Just a couple of thoughts. Unrelated.
1. It’s fun being charismatic and commanding attention. What’s not great is when you’re around others who really desire attention. They want people to hang on their words but they aren’t charismatic. You can feel them wanting what you possess. It’s even worse when they’re in the conversation and the other person just ignores them and focuses on you. That happened on Friday night a couple of times. If I were more with it, I’d recenter the conversation to pull others back in, but it already requires so much energy just to be witty and make eye contact. I can’t do the heavy lifting for others who can’t do it for themselves. Not aaaaaaall the time at least.
I just don’t want to be resented because this happens.
2. Sometimes, and I don’t know why, I see things happening way before they’ve happened. I don’t see when or how or what it will look like. I just know that at some point it will happen. I knew I’d sleep with V two years before it happened. And now I know I’m going to sleep with someone else. I don’t know for sure, but it popped into my head not as a desire, just a realization and a resignation. I think I saw it in November 2020. Could I stop it? Not sure. I could delay it. I could submarine it. But it’s not really a big deal because it’s got nothing to do with the price of tea in China. It’ll happen and then it will have happened. As long as I know that now I don’t have to get all up in my head about it.

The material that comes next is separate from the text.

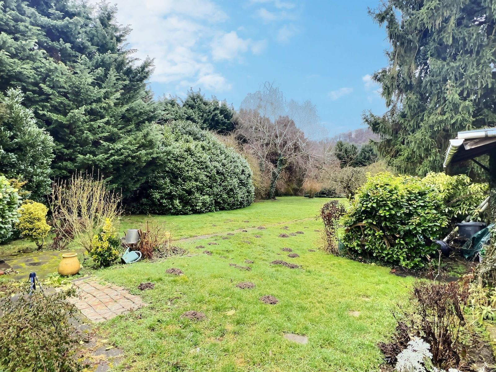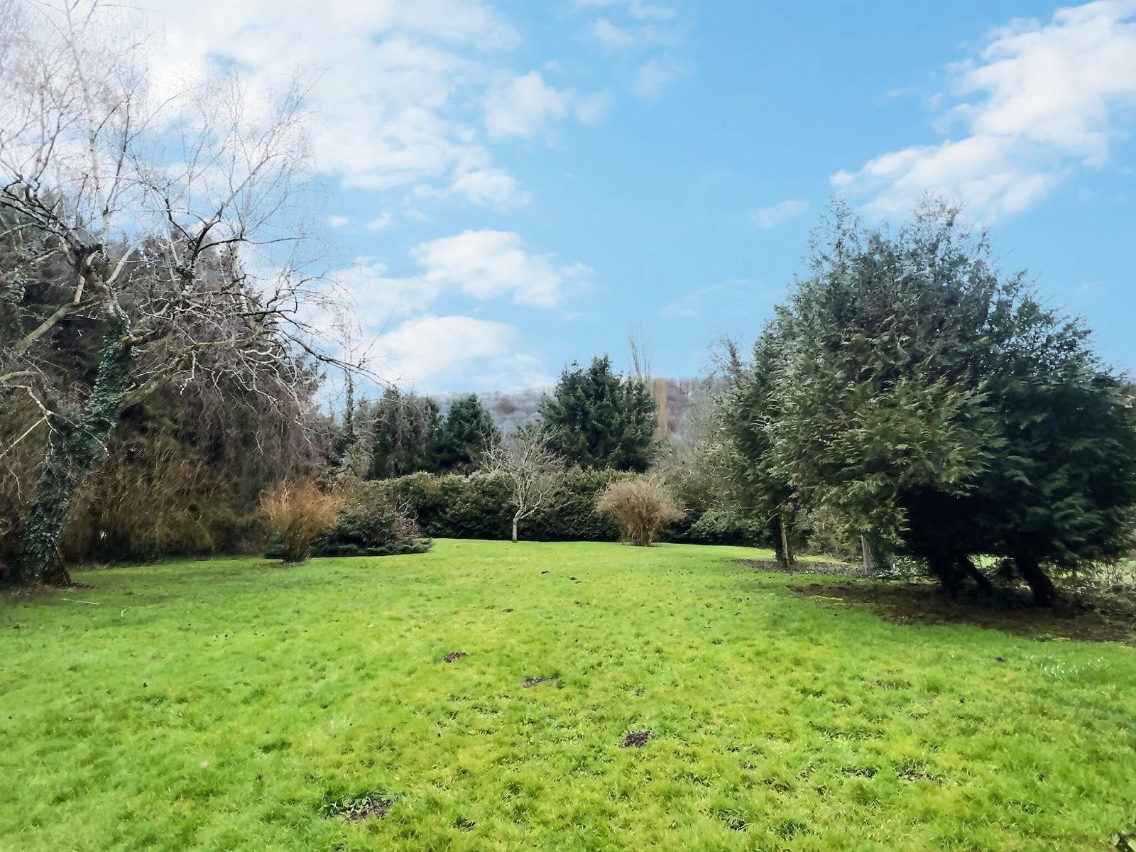 Le terrain de 38 ares 65 est complètement clôturé et arboré.

3. Travis says I remind him of his sister who’s an actual witch. I like teasing him the way I used to tease Adrian when he was little. But I also kiss him on the top of his head and tell him he can hit me up whenever. And I pray for him. I wouldn’t tell him that. I don’t think it would mean anything to him and it might even feel like an insult. It’s weird how I can care for someone when we’re not even very close. I just know that the night I met him my heart swelled. I hope it never feels oppressive.
As for Adrian, I’ll wait until he’s an adult and then reach out. I’ve been saying this for about five years. I’m not interfering in his life or Margot’s. If I told you how much that breaks my heart to not have him in my life it would break your heart just to hear it.
4. Last night I just chilled (sweated is more like it) with a bowl of ramen and Sam Cooke. Top Ramen with an egg whisked in at the end and some frozen veggies. I sang along. Then to Al Green and Stevie Wonder. I didn’t get to Teddy Pendergrass or Otis. But I played The Supremes…”Can’t Hurry Love” and “Love Child.” My sisters would tell you this is torture under the Geneva Convention to have to listen to me sing. But I’m paying a premium to live alone right now so it’s just me.
5. My birthday is in nine days. An arbitrary day but good as any other to reflect and decide what I want to take into the future with me. Mikey said he would make a lasagna (ricotta, not béchamel because we know better). There’s a 37% chance it will actually happen, but it’s nice to know he cares.
6. Emily is slogging through the Tribeca Film Festival. I get her back at the end of June. We’re going to see The Lemon Twigs at Elsewhere on August 18th.
7. Nicole is in Chicago experiencing the same things I experienced in 2017 and 2018 when I was exploring NYC. I love it. And I’m so very, very grateful that I’ve got her in my life. I hope she comes for a visit so we can riff over nachos.
8. I have to think of fun things to do with Jon when he comes to stay for two months. He got us ticket to Andy Shauf, which makes my heart swell. He’ll probably be busking or maybe not. But it should be good times.